As the Google Analytics (Universal Analytics) API is sunsetting on July 1, 2024, you should backfill your data if you wish to still use it. This article shares some of the best practices with backfilling your data in your data warehouse destination, as well as some limitations when working with historical data.
Running a backfill for extensive historical data in Google Analytics can be challenging, especially when dealing with multiple accounts and segments over a long period of time. High transfer speeds can quickly hit API limits, which will slow down the process or cause errors. When running a backfill, Supermetrics balances between the transfer speed and adhering to the data source's API quotas.
To ensure a successful and efficient backfill, you can split data into smaller chunks and make sure that you only pull the data you need.
Instructions
1. Deselect all segments
Unless you have a specific segment you want to transfer, deselect all segments to ensure all data is transferred in the most efficient way.
2. Split the backfill process
Fetching data for an extended period, such as 10 years, for multiple accounts and segments can overwhelm the system data source API. Instead, break down the backfill process into manageable chunks.

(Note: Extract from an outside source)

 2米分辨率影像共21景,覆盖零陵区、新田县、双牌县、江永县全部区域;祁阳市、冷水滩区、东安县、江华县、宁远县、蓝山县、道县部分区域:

Fetch data in short increments
Instead of attempting to retrieve a decade's worth of data in one go, request data year by year or even month by month, depending on how many views you're pulling data from.
If you are facing issues with the volume of the data, we recommend you start by fetching data for example for one month only, starting from the oldest month you want to backup. If that works, fetch the next months 2 months at a time. After each successful backfill, double the date range and work your way up to a date range that works with your data. This process helps you find the sweet spot for your data.
For example:
- Run a backfill for the year 2020.
- Once completed, run a backfill for the year 2021.

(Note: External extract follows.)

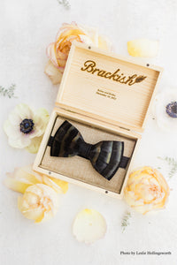 Brackish began with one feather bow tie designed by Ben Ross and gifted to his groomsman, Jeff Plotner. Since its inception, the brand has blossomed into a full line of men’s and women’s accessories designed and handcrafted in Charleston, South Carolina with each piece focused on honoring the beauty found in nature. The Rice Bow Tie is the black counterpart to the all white Carew style. Named after Carew Rice, a South Carolina artist who used black and white silhouettes to imitate the world around him. This piece is made from black goose feathers.

- Continue this process until all desired years are covered.
Split Google Analytics views or segments into separate pulls
If you're fetching data from multiple Google Analytics views or segments (such as New users or Retained users), process each view or segment separately. This approach reduces the complexity of each request and helps avoid API limitations.
For example, first run a backfill for Account A and then run a backfill for Account B.
Note that you should push the data to separate tables in your data warehouse to avoid overwriting the data.
3. Reduce data dimensionality
Minimizing the amount of data you request can significantly improve the backfill process. You can select what data to use by using Custom table groups.
Drop unnecessary user segments
Simplify your data request by excluding segments that are not crucial for your analysis.
For example, if you are mostly interested in overall traffic, splitting the data up by user segments like New or Recurring users will unnecessarily double the number of requests Supermetrics makes to Google Analytics.
Drop unnecessary dimensions
Evaluate which dimensions are essential for your analysis. Removing non-critical dimensions can streamline the data retrieval process.
For example, if you're not going to use operating system information, excluding that dimension from your table may reduce the data volumes a lot.
Following these guidelines will help you successfully complete your backfill and obtain the historical data you need for your analysis. If you encounter any issues or need further assistance, please reach out to our support team.
Limitations
- Google Analytics limits and quotas on API requests: Google Analytics API has different layers of quota limits, including hourly and daily ones.
- Google data retention policy
- Field limit on dimensions: In data warehouse transfers, it allows fetching 10 dimensions together at maximum when Date field is presented and a single date range data is requested.
- Certain combinations of fields can't be backfilled beyond the data retention period, and users need to remove them to pull very high-level "older" historical data.